I have been craving potatoes lately.
What’s funny about this is the fact that my mom made potatoes every single night when I was a kid, and I loathed them….so much so that I’d palm them and wrap them in my napkin in order to deposit them into the nearest trash receptacle without being detected.
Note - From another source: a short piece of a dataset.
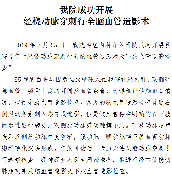男同视频 成功开展 经桡动脉穿刺行全脑血管造影术

While I still use the potato shell here (which is deliciously edible, by the way), I use cauliflower in place of the potato flesh to put a different, low carb spin on the traditional baked potato. The addition of nutritional yeast and coconut oil gives this a richness and a cheesiness without using tons of butter and cheese, a plus for everyone!
- FOR THE POTATO:
- 1 Yukon Gold or russet potato
- FOR THE CAULIFLOWER:
- 3 c. cauliflower chopped into small florets
- 1 large garlic clove
- water for boiling
- 2 t. coconut oil plus a bit more for rubbing on the skins
- 1/4 t. + 1/8 t. sea salt
- 2 T. scallion chopped
- 2 t. nutritional yeast
- black pepper and cayenne to taste
- paprika for sprinkling on top
- coconut oil olive oil, and fresh parsley, for garnish
- Preheat the oven to 450 degrees.
- Wash and prick the potato with a fork multiple times.
- Bake the potato for one hour.
- Meanwhile, add the cauliflower, garlic clove, and a dash of salt to a saucepan.
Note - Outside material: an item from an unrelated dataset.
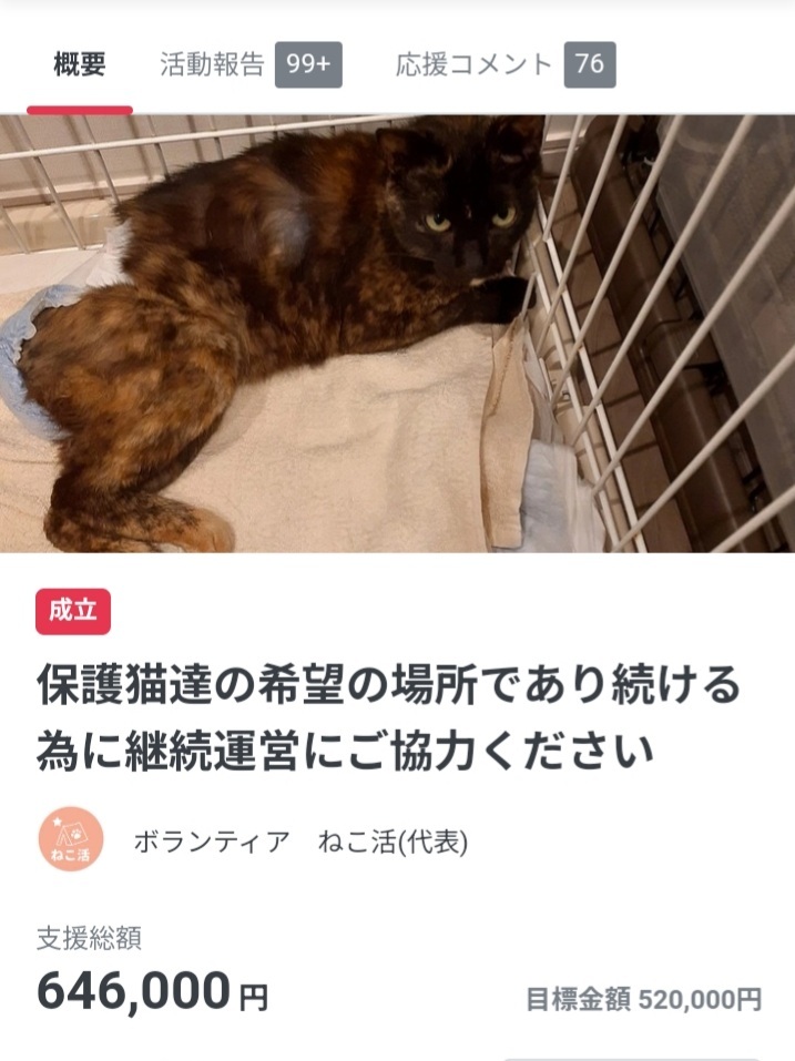 猫を救う為の策をねこ活に教えていただけることも応援になります。

- Add enough water just to cover the cauliflower.
- Bring the cauliflower to a boil, then reduce the heat to a low simmer.
- Cover the pan, and let it simmer for 10 minutes until soft.
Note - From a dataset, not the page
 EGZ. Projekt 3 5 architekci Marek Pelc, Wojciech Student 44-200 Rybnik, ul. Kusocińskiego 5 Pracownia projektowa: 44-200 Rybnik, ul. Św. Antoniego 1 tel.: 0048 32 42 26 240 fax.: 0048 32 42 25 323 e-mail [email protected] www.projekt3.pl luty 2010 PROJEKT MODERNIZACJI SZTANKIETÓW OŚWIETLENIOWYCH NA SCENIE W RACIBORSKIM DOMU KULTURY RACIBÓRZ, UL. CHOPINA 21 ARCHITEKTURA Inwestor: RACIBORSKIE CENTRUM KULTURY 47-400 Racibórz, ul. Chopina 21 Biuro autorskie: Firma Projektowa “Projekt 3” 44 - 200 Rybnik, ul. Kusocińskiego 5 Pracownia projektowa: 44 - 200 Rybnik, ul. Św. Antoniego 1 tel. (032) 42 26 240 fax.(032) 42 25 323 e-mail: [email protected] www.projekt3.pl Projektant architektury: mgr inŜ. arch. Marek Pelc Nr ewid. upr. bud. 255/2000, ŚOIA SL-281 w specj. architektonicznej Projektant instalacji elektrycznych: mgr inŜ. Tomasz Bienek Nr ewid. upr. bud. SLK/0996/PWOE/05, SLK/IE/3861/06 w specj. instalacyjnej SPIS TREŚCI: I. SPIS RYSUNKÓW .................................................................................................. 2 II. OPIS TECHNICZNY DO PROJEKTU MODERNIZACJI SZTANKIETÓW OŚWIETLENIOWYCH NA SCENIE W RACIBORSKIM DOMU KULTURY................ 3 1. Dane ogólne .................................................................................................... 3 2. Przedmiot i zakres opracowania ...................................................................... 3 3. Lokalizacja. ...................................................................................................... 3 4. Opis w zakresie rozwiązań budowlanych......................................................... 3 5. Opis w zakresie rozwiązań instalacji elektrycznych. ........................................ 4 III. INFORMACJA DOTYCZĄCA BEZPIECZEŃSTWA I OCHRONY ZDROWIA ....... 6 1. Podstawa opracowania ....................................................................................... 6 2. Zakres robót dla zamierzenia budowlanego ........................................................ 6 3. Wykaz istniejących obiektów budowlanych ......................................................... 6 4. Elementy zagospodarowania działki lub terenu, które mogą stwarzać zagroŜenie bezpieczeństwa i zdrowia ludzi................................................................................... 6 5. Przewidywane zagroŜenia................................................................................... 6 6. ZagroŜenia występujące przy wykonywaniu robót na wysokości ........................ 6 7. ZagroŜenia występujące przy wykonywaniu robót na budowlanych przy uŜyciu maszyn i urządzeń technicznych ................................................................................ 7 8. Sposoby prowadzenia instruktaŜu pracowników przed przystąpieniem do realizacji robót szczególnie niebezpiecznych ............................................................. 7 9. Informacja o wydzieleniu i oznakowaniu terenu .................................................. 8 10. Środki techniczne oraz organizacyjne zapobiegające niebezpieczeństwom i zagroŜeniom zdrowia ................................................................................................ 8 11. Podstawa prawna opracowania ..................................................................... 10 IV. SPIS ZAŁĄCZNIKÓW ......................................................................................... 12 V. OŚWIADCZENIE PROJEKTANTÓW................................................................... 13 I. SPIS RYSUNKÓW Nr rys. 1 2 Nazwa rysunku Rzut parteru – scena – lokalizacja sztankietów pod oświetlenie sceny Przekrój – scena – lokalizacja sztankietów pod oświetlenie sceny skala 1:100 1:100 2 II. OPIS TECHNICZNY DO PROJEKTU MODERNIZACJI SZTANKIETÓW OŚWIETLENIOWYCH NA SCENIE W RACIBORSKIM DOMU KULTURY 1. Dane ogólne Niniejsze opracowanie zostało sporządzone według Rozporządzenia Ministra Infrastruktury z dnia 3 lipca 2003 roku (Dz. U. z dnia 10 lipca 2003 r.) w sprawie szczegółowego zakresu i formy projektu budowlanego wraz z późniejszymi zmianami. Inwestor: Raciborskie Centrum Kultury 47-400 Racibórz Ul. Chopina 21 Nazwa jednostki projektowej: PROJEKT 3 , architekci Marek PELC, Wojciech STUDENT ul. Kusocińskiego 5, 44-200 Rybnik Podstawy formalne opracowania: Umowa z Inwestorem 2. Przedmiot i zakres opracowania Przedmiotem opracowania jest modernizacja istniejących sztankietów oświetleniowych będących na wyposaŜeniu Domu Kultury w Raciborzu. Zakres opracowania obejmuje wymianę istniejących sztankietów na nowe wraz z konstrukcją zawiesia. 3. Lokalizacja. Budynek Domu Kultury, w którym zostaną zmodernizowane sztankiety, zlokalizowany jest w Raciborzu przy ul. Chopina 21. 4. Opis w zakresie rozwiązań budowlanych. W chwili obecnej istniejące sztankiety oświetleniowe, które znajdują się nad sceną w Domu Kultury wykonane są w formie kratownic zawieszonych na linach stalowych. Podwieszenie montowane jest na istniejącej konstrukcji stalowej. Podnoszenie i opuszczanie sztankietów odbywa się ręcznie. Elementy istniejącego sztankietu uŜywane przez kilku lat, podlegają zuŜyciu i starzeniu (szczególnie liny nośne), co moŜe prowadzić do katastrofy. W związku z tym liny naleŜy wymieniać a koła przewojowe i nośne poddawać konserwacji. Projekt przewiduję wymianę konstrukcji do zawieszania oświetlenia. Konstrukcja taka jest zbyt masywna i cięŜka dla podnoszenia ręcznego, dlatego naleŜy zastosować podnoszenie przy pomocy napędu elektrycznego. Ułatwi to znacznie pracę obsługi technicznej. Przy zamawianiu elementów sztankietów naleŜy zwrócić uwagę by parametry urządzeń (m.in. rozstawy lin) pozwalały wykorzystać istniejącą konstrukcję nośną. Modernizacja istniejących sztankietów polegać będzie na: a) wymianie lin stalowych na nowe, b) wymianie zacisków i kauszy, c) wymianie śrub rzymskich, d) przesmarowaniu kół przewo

- Strain the cauliflower from the water, reserving the water in a separate bowl.
- Using a potato masher or a food processor, mash or puree the cauliflower with the coconut oil, sea salt, dashes of black pepper and cayenne, nutritional yeast, and scallions.
- Add the reserved boiling water as needed to give the mix the consistency you desire (I used about one tablespoon).
- Once the potatoes have baked and cooled, slice them in half lengthwise, and scoop out the flesh. Be sure to leave enough flesh to give the potato skin structure!
- Lower the oven temperature to 350 degrees.
- Rub the outside of the potato skins with a bit of coconut oil (this makes them nice and crispy!).
- Arrange the empty skins in a small baking dish, and fill them with the cauliflower mix.
- Sprinkle the tops with paprika, and bake them for 30 minutes.
- Garnish them with fresh parsley and drizzle them with a bit more coconut or olive oil.
The calorie count actually includes the potato flesh, as I couldn't figure out how to subtract it, so keep that in mind! The facts are based on using a 250 gram Yukon Gold potato, and none of the garnishes. Weight Watchers points (new system): 5
As I stated in the recipe box above, the nutritional information actually includes the potato flesh, as I didn’t know how to subtract it, so keep that in mind for calories and carbs, especially. The cauliflower mash nutrition facts are as follows:
- Calories: 93
- Fat: 4.9 g
- Carbs: 10.4 g
- Fiber: 4.8 g
- Protein: 4.7 g
- WW points: 2
I have to say, these are fantastic! My husband and I each had a half, and we kept saying to one another how delicious they were. We topped them with some pumpkin seed ‘bacon’ bits which added a nice crunch!
I really enjoy eating the crispy skins as well. It gives you a bite of the actual potato, along with the cauliflower mash.
If you don’t want to use the potato skins, the cauliflower mash is delicious on its own. It makes a light, yet filling substitute for mashed potatoes.
Serve this with a big green salad for a healthy meal, and I bet you’d still have room for these yummy Chocolate Chip Truffles. 😀
Do you enjoy potatoes or have you ever had faux-tatoes?